* _To do_
Could the listing below be returned exactly, with its pictures left out?

* _Supplied material_

★ ★ ★ ★ ★

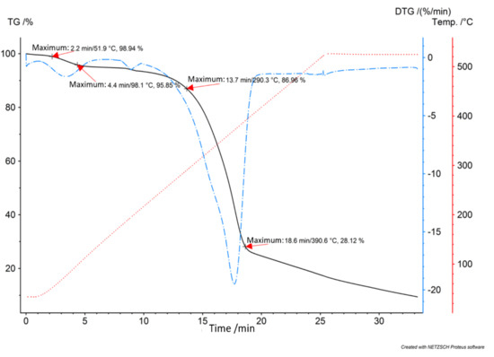 At a heating speed of 5 K/min, the highest weight loss, 84–97%, was recorded at the temperature of 525 °C. The longer the sample remains at this temperature, the smaller the weight loss. At 285 °C, the weight loss was 22–26%. The longer the sample residence time was, the greater the weight loss was recorded. At 325 °C, the weight loss was 55–64%. At the heating speed of 10 K/min at the temperature of 525 °C, the weight losses were significantly lower than in the case of the heating ratio of 5 K/min and amounted to 83–86%. Lower weight losses were also noted at 325 °C, 51–54%. At 285 °C, the lowest weight losses were observed, which amounted to 22–28%. The last heating ratio used during the tests was 20 K/min. At 285 °C, the weight loss was 20–25%. At a temperature of 325 °C, this value increased to 43–54%, and at a temperature of 525 °C from 80–84%.
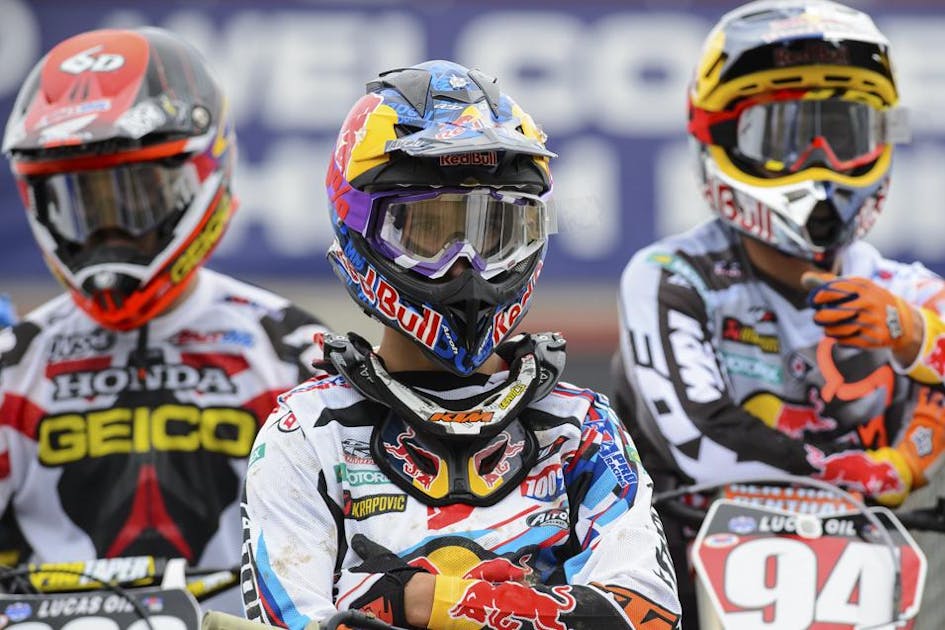 Marvin Musquin finally got himself a moto win at Saturday's GEICO High Point National, and it was well worth the wait. The Red Bull KTM rider has been largely overshadowed by his dynamic young teammate Ken Roczen the past couple of years, even though he was the first of the two to win an outdoor overall (Unadilla last year). Even now it's Roczen who's shown the most speed in the 250 Class—but then he's had problems closing the deal at both Thunder Valley and Muddy Creek. On Saturday the German was brilliant in the first moto, then simply got beat in the exciting second moto by the Frenchman. A distant third place went to Zach Osborne.
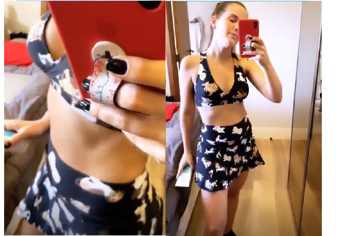 A cantora afirmou que vai fazer apenas “Uma esteira de leve”. Mas não foi só para fazer um diário de treino que ela usou as redes sociais. Thaeme fez questão de mostrar que a barriga está lisa, sem nenhuma estria e chegou a indicar um produto paras as mães que a seguem.
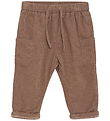 Nice Monsieur Mini corduroy trousers in brown. On the back of the right pant leg is an embroidered patch of a chocolate bar with brown terrycloth.
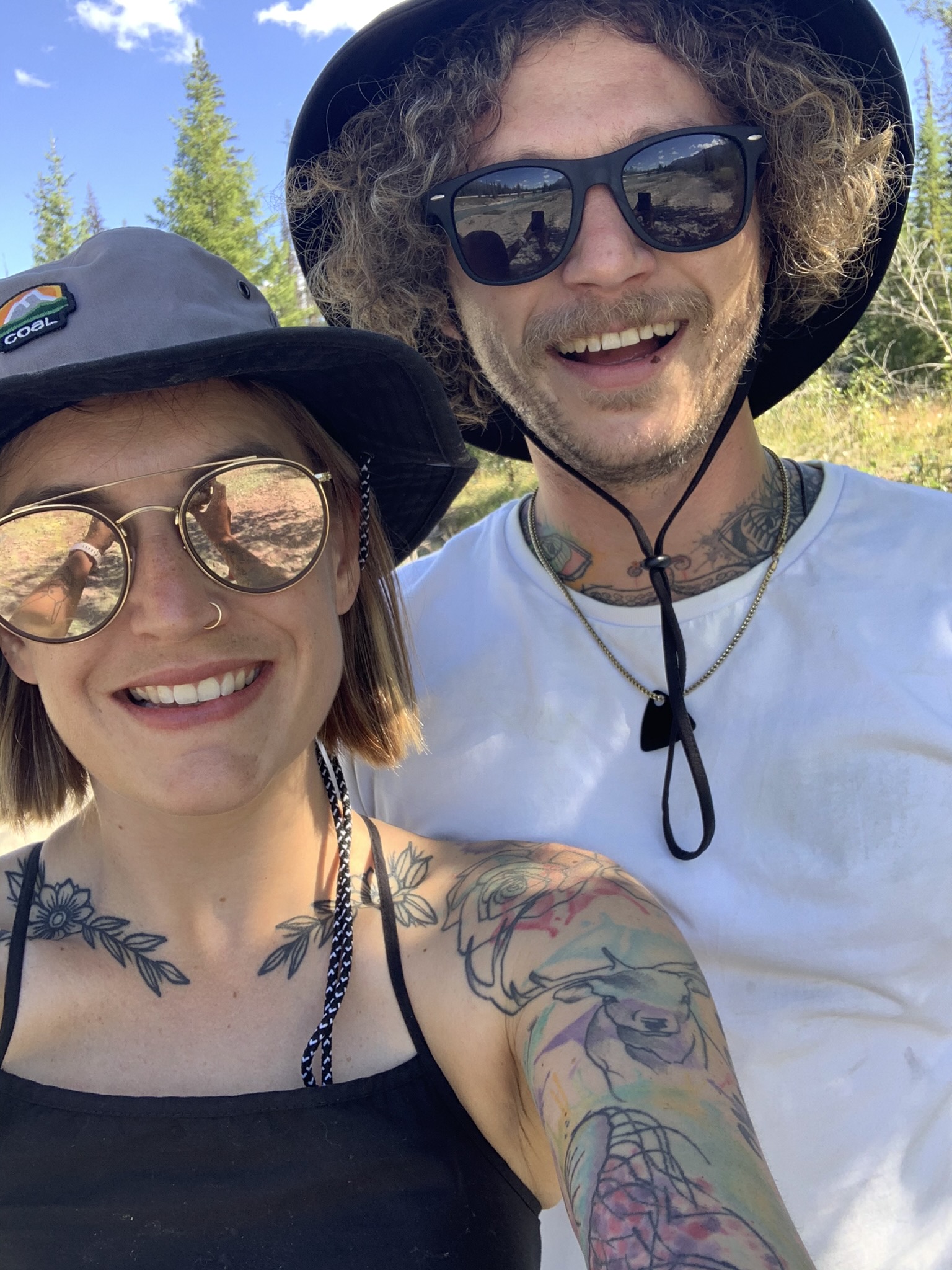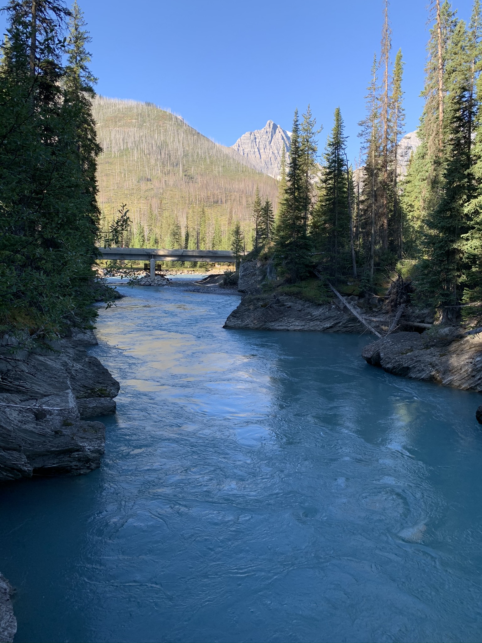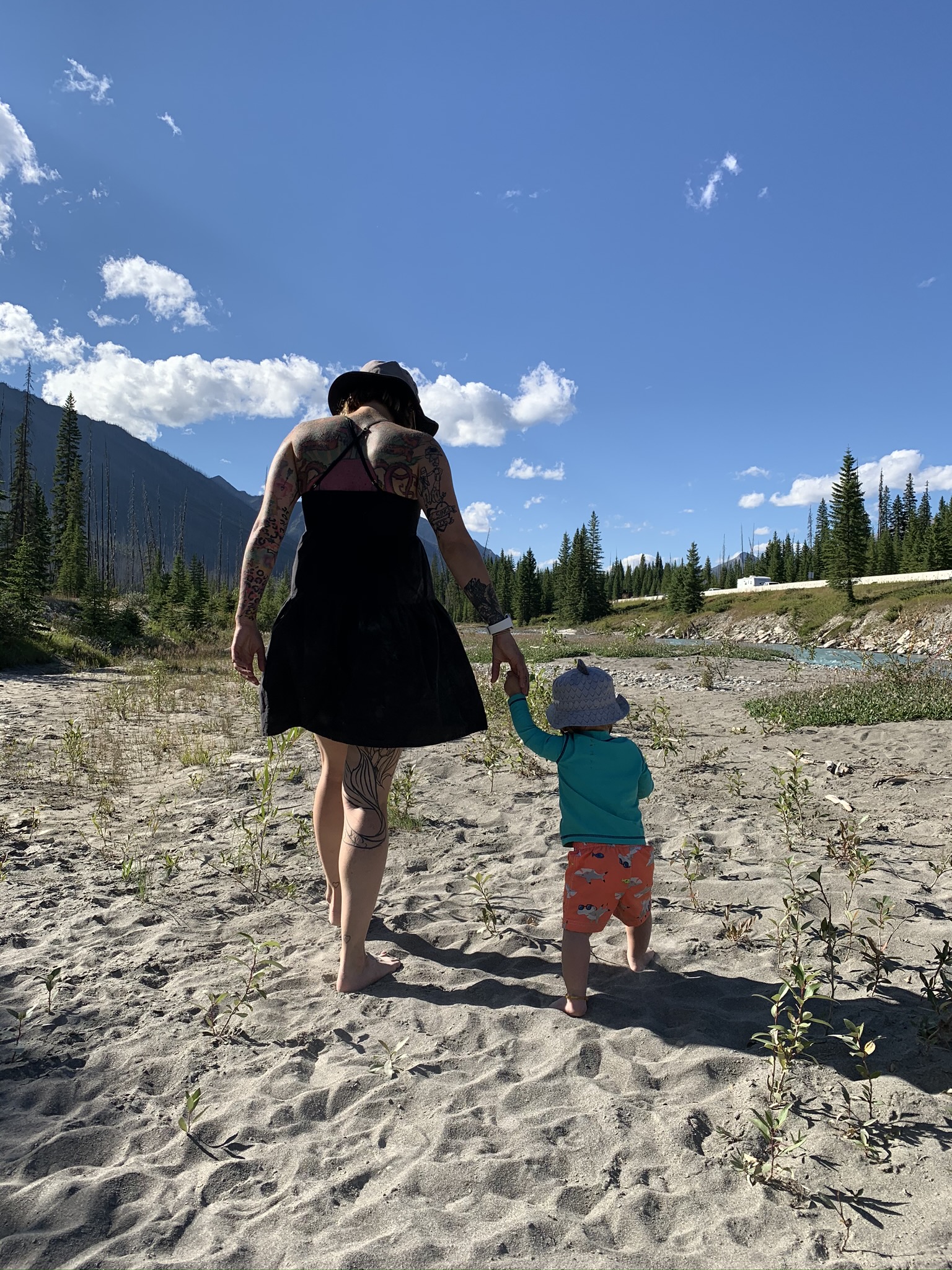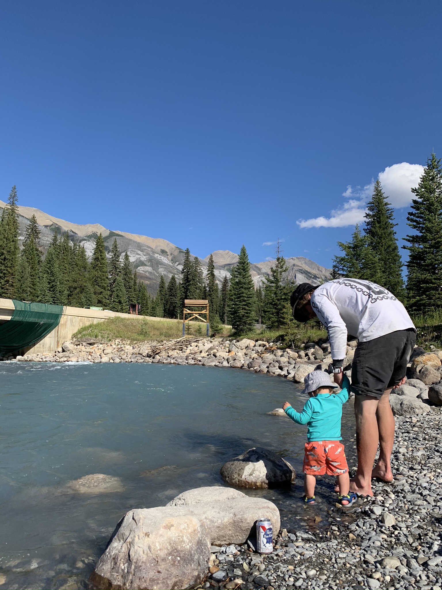 The next morning after a very comfy and warm night sleep, we went exploring. We are all early risers in our family. 6am is usually the time we get up, so after a nice coffee and biscuits in bed we loaded up the back pack and went exploring behind the cabins (away from the highway) and thank goodness we did. Easily one of the most beautiful places I have seen in the Rockies. There is a path that the owners have made out through the woods, around the creek and following the river and it is stunning. The crystal blue river water gently flowing down below us, the sun shining through the trees. The complete silence. It was stunning. We wandered through the woods for a good hour with rocket in the back pack carrier. Lifting Nacho up over the bigger rocks, and skimming stones when the water’s edge got closer.
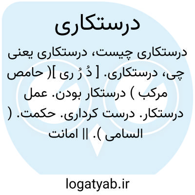 درستکاری. [ دُ رُ ری ]( حامص مرکب ) درستکار بودن. عمل درستکار. درست کرداری. حکمت. ( السامی ). || امانت:

★ ★ ★ ★ ★

* _Your solution_
 At a heating speed of 5 K/min, the highest weight loss, 84–97%, was recorded at the temperature of 525 °C. The longer the sample remains at this temperature, the smaller the weight loss. At 285 °C, the weight loss was 22–26%. The longer the sample residence time was, the greater the weight loss was recorded. At 325 °C, the weight loss was 55–64%. At the heating speed of 10 K/min at the temperature of 525 °C, the weight losses were significantly lower than in the case of the heating ratio of 5 K/min and amounted to 83–86%. Lower weight losses were also noted at 325 °C, 51–54%. At 285 °C, the lowest weight losses were observed, which amounted to 22–28%. The last heating ratio used during the tests was 20 K/min. At 285 °C, the weight loss was 20–25%. At a temperature of 325 °C, this value increased to 43–54%, and at a temperature of 525 °C from 80–84%.
 Marvin Musquin finally got himself a moto win at Saturday's GEICO High Point National, and it was well worth the wait. The Red Bull KTM rider has been largely overshadowed by his dynamic young teammate Ken Roczen the past couple of years, even though he was the first of the two to win an outdoor overall (Unadilla last year). Even now it's Roczen who's shown the most speed in the 250 Class—but then he's had problems closing the deal at both Thunder Valley and Muddy Creek. On Saturday the German was brilliant in the first moto, then simply got beat in the exciting second moto by the Frenchman. A distant third place went to Zach Osborne.
 A cantora afirmou que vai fazer apenas “Uma esteira de leve”. Mas não foi só para fazer um diário de treino que ela usou as redes sociais. Thaeme fez questão de mostrar que a barriga está lisa, sem nenhuma estria e chegou a indicar um produto paras as mães que a seguem.
 Nice Monsieur Mini corduroy trousers in brown. On the back of the right pant leg is an embroidered patch of a chocolate bar with brown terrycloth.
 The next morning after a very comfy and warm night sleep, we went exploring. We are all early risers in our family. 6am is usually the time we get up, so after a nice coffee and biscuits in bed we loaded up the back pack and went exploring behind the cabins (away from the highway) and thank goodness we did. Easily one of the most beautiful places I have seen in the Rockies. There is a path that the owners have made out through the woods, around the creek and following the river and it is stunning. The crystal blue river water gently flowing down below us, the sun shining through the trees. The complete silence. It was stunning. We wandered through the woods for a good hour with rocket in the back pack carrier. Lifting Nacho up over the bigger rocks, and skimming stones when the water’s edge got closer.
 درستکاری. [ دُ رُ ری ]( حامص مرکب ) درستکار بودن. عمل درستکار. درست کرداری. حکمت. ( السامی ). || امانت:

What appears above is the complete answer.